*** Opening Data block ***
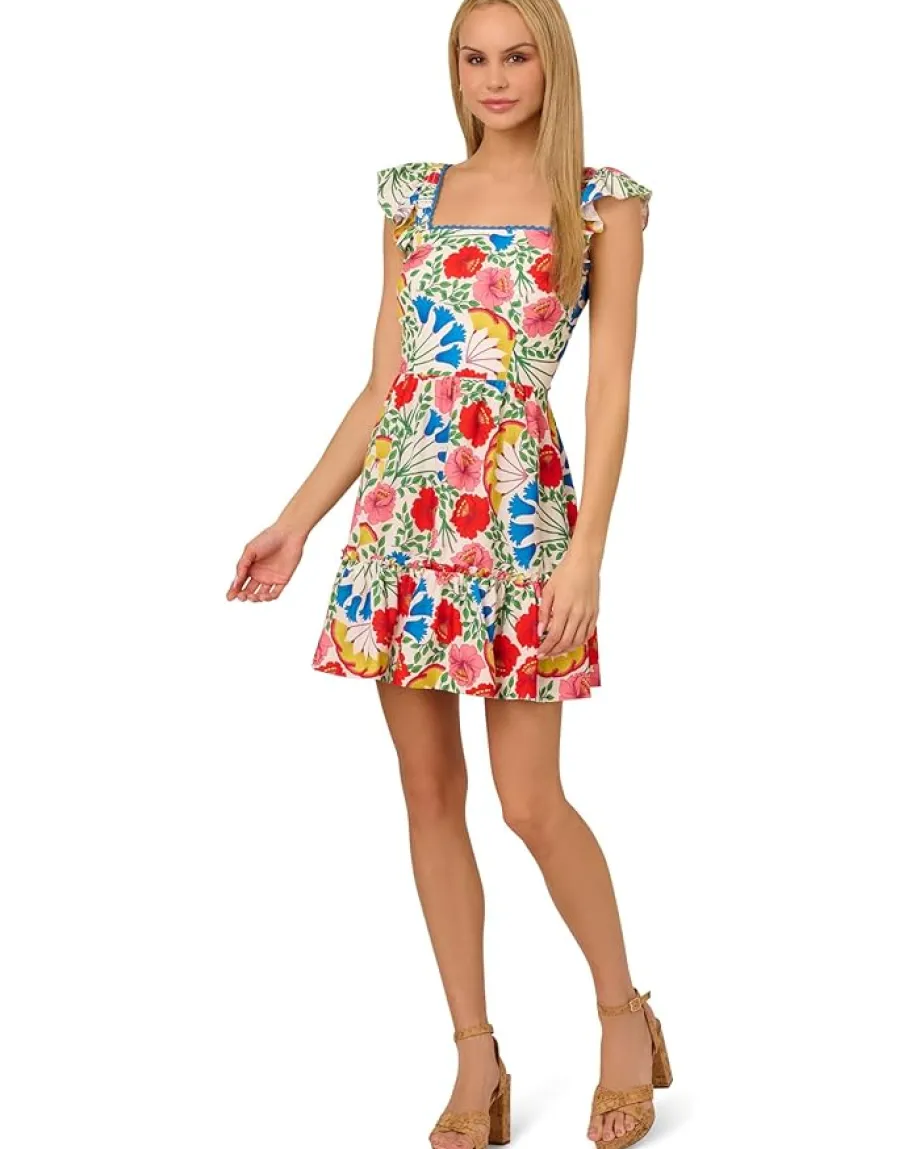 - From baby showers, and dinner dates, to special occasions, the Adrianna Papell® Flutter Sleeveless Short Dress serves as a perfect choice. Its allover floral print offers a fun and feminine touch. This printed dress is styled with short flutter sleeves, a square neckline with piping detail, and a flounce hem. The elasticized back hugs your curves for a flattering fit.
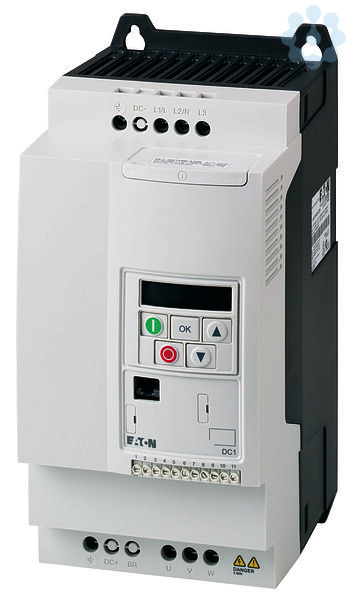 Frequenzumrichter, Typkenner: DC1, Bemessungsbetriebsspannung: Ue = 400 V AC, 3-phasig, 480 V AC, 3-phasig, Ausgangsspannung bei Ue: U2 = 400 V AC, 3-phasig, 480 V AC, 3-phasig, Netzspannung (50/60Hz): ULN = 380 (-10%) - 480 (+10%) V, Bemessungsbetriebsstrom bei 150 % Überlast: Ie = 18 A, Hinweis: Bemessungsbetriebsstrom bei einer Schaltfrequenz von 16 kHz und einer Umgebungstemperatur von +50 °C, Hinweis: Überlastzyklus für 60 s alle 600 s, Zugeordnete Motorleistung Hinweis: für normale vierpolige, innen- und außenbelüftete Drehstrom-Asynchronmotoren mit 1500 min-1 bei 50 Hz bzw. 1800 min-1 bei 60 Hz, Überlastzyklus für 60 s alle 600 s, bei 400 V, 50 Hz, Zugeordnete Motorleistung 150 % Überlast: P = 7.5 kW, 150 % Überlast: IM = 15.2 A, Zugeordnete Motorleistung Hinweis: bei 440 - 480 V, 60 Hz, Zugeordnete Motorleistung 150 % Überlast: P = 10 HP, Zugeordnete Motorleistung 150 % Überlast: IM = 14 A, Schutzart: IP20/NEMA 0, Schnittstelle/Feldbus (eingebaut): OP-Bus (RS485)/Modbus RTU, CANopen®, Feldbusanschaltung (optional): SmartWire-DT, Ausstattung: Funkentstörfilter, Brems-Chopper, 7-Segment-Anzeige, Baugröße: FS3, Anbindung an SmartWire-DT: mit SmartWire-DT Modul DX-NET-SWD3, Normen und Bestimmungen: Allgemeine Anforderungen: IEC/EN 61800-2, EMV-Anforderungen: IEC/EN 61800-3, Anforderungen an die Sicherheit: IEC/EN 61800-5-1
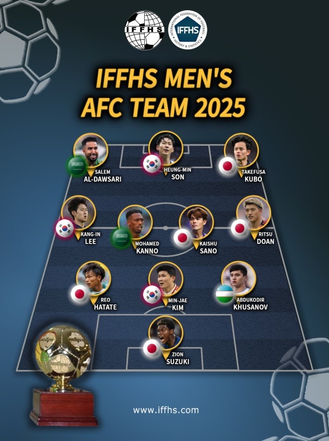 开云集团-IFFHS亚足联年度最佳阵:日本5人韩国3人,孙兴慜、胡桑诺夫在列
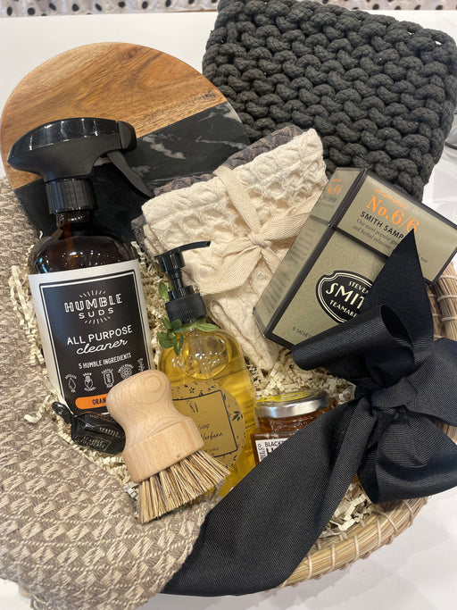 -Blackberry Honey -All Purpose Cleaner -Mayhem Dish Soap -The earthling Co. Scrub -Pot Holder -Smith Tea Sampler -Dish Towels -Cutting Board -Thr...
*** Closing Data block ***
Description of the task:
Nothing but the lines from the one containing "开云集团-IFFHS亚足联年度最佳阵:日本5人韩国3人,孙兴慜、胡桑诺夫在列" through the end of the listing is to be output, and those lines are to be output exactly, pictures excluded.

Solution for this exercise:
 开云集团-IFFHS亚足联年度最佳阵:日本5人韩国3人,孙兴慜、胡桑诺夫在列
 -Blackberry Honey -All Purpose Cleaner -Mayhem Dish Soap -The earthling Co. Scrub -Pot Holder -Smith Tea Sampler -Dish Towels -Cutting Board -Thr...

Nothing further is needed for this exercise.